# Speedup of Data Vortex Network Architecture

Qimin Yang

Abstract—In this paper, 3x3 routing nodes are proposed to provide speedup and parallel processing capability in Data Vortex network architectures. The new design not only significantly improves network throughput and latency, but also eliminates the need for distributive traffic control mechanism originally embedded among nodes and the need for nodal buffering. The cost effectiveness is studied by a comparison study with the previously proposed 2-input buffered networks, and considerable performance enhancement can be achieved with similar or lower cost of hardware. Unlike previous implementation, the network leaves small probability of contention, therefore, the packet drop rate must be kept low for such implementation to be feasible and attractive, and it can be achieved with proper choice of operation conditions.

**Keyword**—Data Vortex, Packet Switch, Interconnection network, deflection, Network-on-chip

#### I.BACKGROUND

HERE has been tremendous demand and development in using photonics in multi-core processors and computing systems. In particular, recent growths in silicon photonic devices such as modulators, switches and detectors have made Photonic Network-on-chip (NOC) feasible in an integrated form, and such networks become competitive with its electronic counterpart in bandwidth, power and scalability [1-3]. At the same time, different network architectures have been proposed to best utilize these new devices and best combine both electronic and photonic technologies. Among such efforts, Data Vortex network provides a good example because it greatly facilitates optical implementation with minimal routing logic as well as no or minimal optical buffering while it scales to support thousands of processor I/O nodes and each runs at hundreds of Gbit/s [4-5]. Wavelength stacking are utilized for both header encoding and data encoding for best efficiency and simplicity, therefore very high capacity, small latency, high scalability can be achieved at the same time [2][4]. Current prototypes of smaller size networks are based on 1x1 SOA switches because of its nanosecond switching speed and good physical cascadability [5], but newly developed micro-resonator switching devices can

also be implemented because of faster switching speed and low loss for cascading performance [3]. Proper integration technologies are required to avoid excessive waveguide crossing for such implementations. Therefore, alternative layout of the Data Vortex network should also be studied for better physical implementation that best utilizes different photonic switching devices.



Fig.1 Routing nodes (black dots) and intra-cylinder links (arrowed wires) within Data Vortex of A=4, H=16 and C=5

In Data Vortex networks, the routing nodes are arranged in concentric cylinders in a three dimensional layout with A, H and  $C = \log_2 H + 1$ , designating the number of nodes along angle, height and cylinder respectively. Fig.1 shows the intracylinder link patterns at different cylinders of a network A=4, C=5 and H=16. These links along the same cylinder route a packet back and forth between two height groups which corresponds to a specified binary bit of the height address between "1" and "0". The inter-cylinder links (not shown in Fig.1) are parallel link pattern to simply forward a packet to an inner neighbor cylinder while maintaining its height location, and they are shown as dash lines in Fig.2 from the top view of the same network in Fig.1. As the packet reaches the correct height group, i.e. its specific header bit of the target address matches that of the node's binary height address, the packet is ready to proceed to the next cylinder level until they exit the innermost cylinder.

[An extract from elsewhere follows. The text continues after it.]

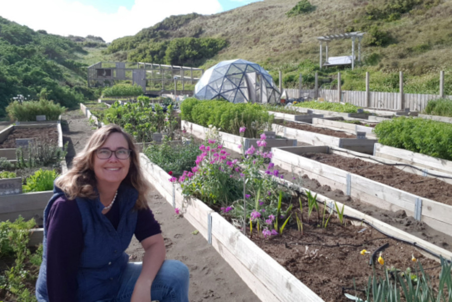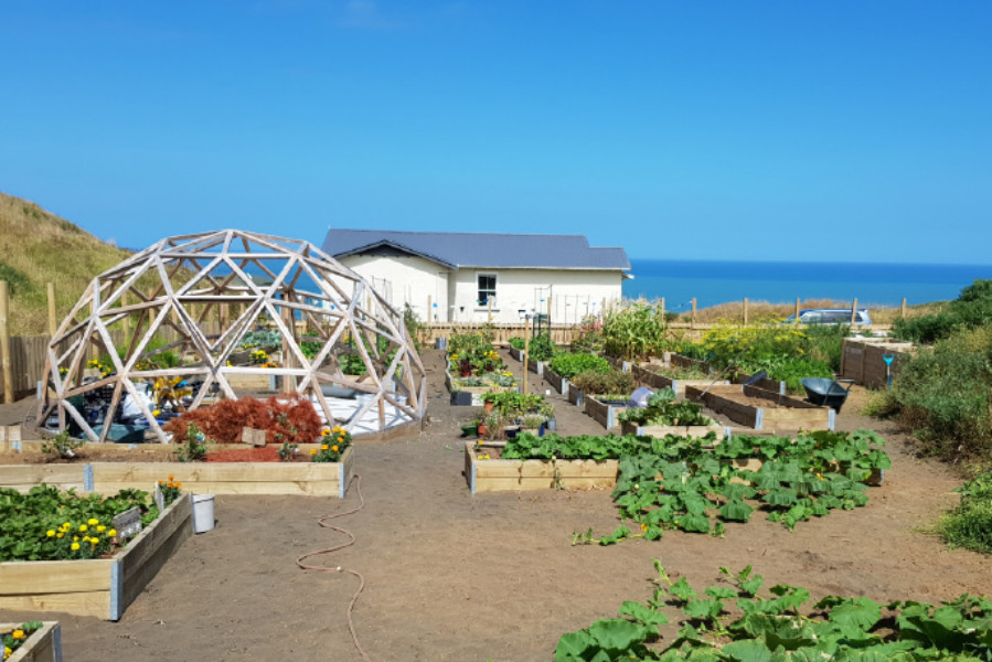 Sarah spent months transforming her coastal block of kikuyu, boxthorn and gorse into her dream garden – 36 raised beds with the main feature a geodesic biodome.

Q. Yang is with Engineering Department of Harvey Mudd College, Claremont, CA 91711 USA (phone: 909-607-1558; fax: 909-621-8967; Email: qimin\_yang@hmc.edu).



Fig.2 Top view of Data Vortex routing links



Fig.3 Original node design at the ith cylinder

The Data Vortex network routing operates in synchronous and slotted manner. A distributive traffic control mechanism is used in combination with deflection routing to maintain a single packet routing principle at each node. In Fig.3 a routing node at the ith cylinder is shown, where input ports are known as the West (from the same cylinder) and North (from the outer cylinder) ports, and the output ports are known as the East (to the same cylinder) and South (to the inner cylinder) ports, and the routing decision is based on the packet frame bit, which tells the presence of the packet, the i<sup>th</sup> binary header bit both extracted from optical packet path as well as an electrical control bit sent from its inner competing node. Due to the orthogonal wavelength encoding in header bits and low packet rate, passive filtering and low rate O/E detector are required for header bit extraction. The control bit Cin or Cout properly permits or blocks the outer-cylinder traffic so that the single-packet-routing rule is satisfied to greatly simplify the routing node implementation. When a packet receives the blocking control, it can be deflected by staying on its current cylinder, which acts as a virtual buffer with a two hop delay penalty before it recovers to the correct height group. As shown in Fig.1, the last cylinder maintains the same height to provide additional optical buffering in addition to the electrical buffering present in the output ports. It should also be noted that, all of the inter-cylinder routing paths illustrated in Fig. 2 are of the same physical length, and so are the intracylinder paths. The inter-cylinder paths must be made slightly shorter than the intra-cylinder paths to allow for the establishment of the control signal, and such time difference depends on the both the generation as well as the transmission time of the control signal, which can be limited to a very small portion of the packet length, but it does require strict path alignment [4]. More details can be found in references on the Data Vortex architecture design [5-6].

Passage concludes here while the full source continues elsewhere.